The poll by Harvard University’s Institute of Politics also found that only 25 percent of that generation approves of the job performance of President Trump — a lower figure than other polls have found for the broader population. The poll found 72 percent of young voters disapprove of the Republican president’s performance.
Among Americans under 30 who are eligible to vote, 37 percent said they will “definitely be voting” in the midterm elections, compared with 23 percent who said the same thing in a 2014 poll, the poll found.
The growing enthusiasm for voting is being driven largely by young Democrats, according to the poll. Among young Democrats, 51 percent definitely plan to vote in November, a nine percentage point increase since November.

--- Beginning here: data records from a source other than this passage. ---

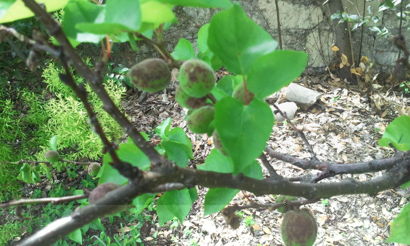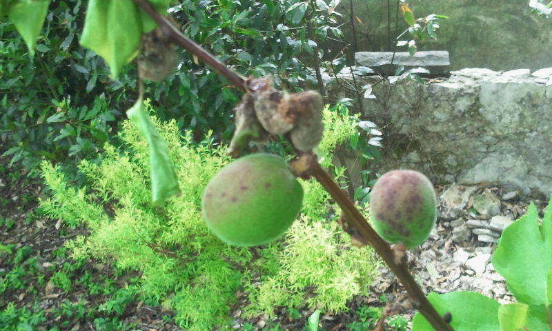 14.16.45.jpg mi sembra di vedere della monilia, foglie con la testa bassa, quasi appassite. se vedi invece delle macchie rosse, anche sulle foglie potresti avere anche del corineo.
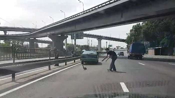 В сети набирает популярность видео, как водители на киевской трассе остановили свои автомобили, чтобы позволить уткам перейти дорогу.
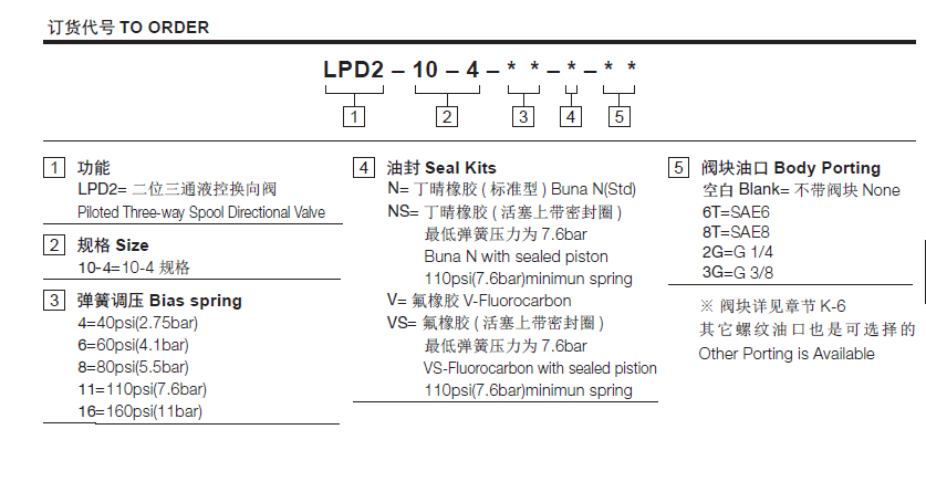 To Full Spool Shift 8.6 bar(125psi)温度-40°F to +250°F(-40°C to +120°C)油液Mineral-based fluids with viscosities of 7.4 to 420 cSt.(矿物油粘度)阀块材料6061-T6铝,允许使用最大压力207bar 钢和球铁允许使用最大压力350bar -

The percentage who prefer a Democratic Congress has also grown during that stretch. In the latest poll, 69 percent said they want to see Democrats in control, compared with 28 percent who favor Republican control.

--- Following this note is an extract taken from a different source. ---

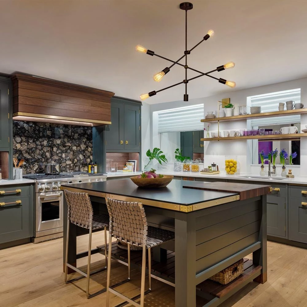 6-Light Black Unique Modern Linear Chandelier Pendant by YANSUN

“This generation of young Americans is as engaged as we have ever seen them in a midterm election cycle,” said John Della Volpe, polling director at Harvard Kennedy School’s Institute of Politics. “The concern they have voiced about the direction of the country is being channeled into a movement that will extend to the midterm elections and beyond.”
Trump’s approval rating of 25 percent has dropped from 32 percent a year ago.
Young eligible voters gave Trump his highest approval numbers on his handling of the economy (34 percent), dealing with the Islamic State terrorist group (31 percent) and tax revisions (31 percent).
His lowest marks come on handling race relations (21 percent) and gun violence (24 percent).
The poll also found a wide range of trust of various institutions among young Americans.
Those with the highest rankings — trusted “all of the time” or “most of the time” — included their college administrations (61 percent), the U.S. military (51 percent), the Department of Justice (45 percent), the Supreme Court (43 percent) and the FBI (42 percent).
Among the least trusted: Congress (17 percent), the media (16 percent) and Wall Street (12 percent).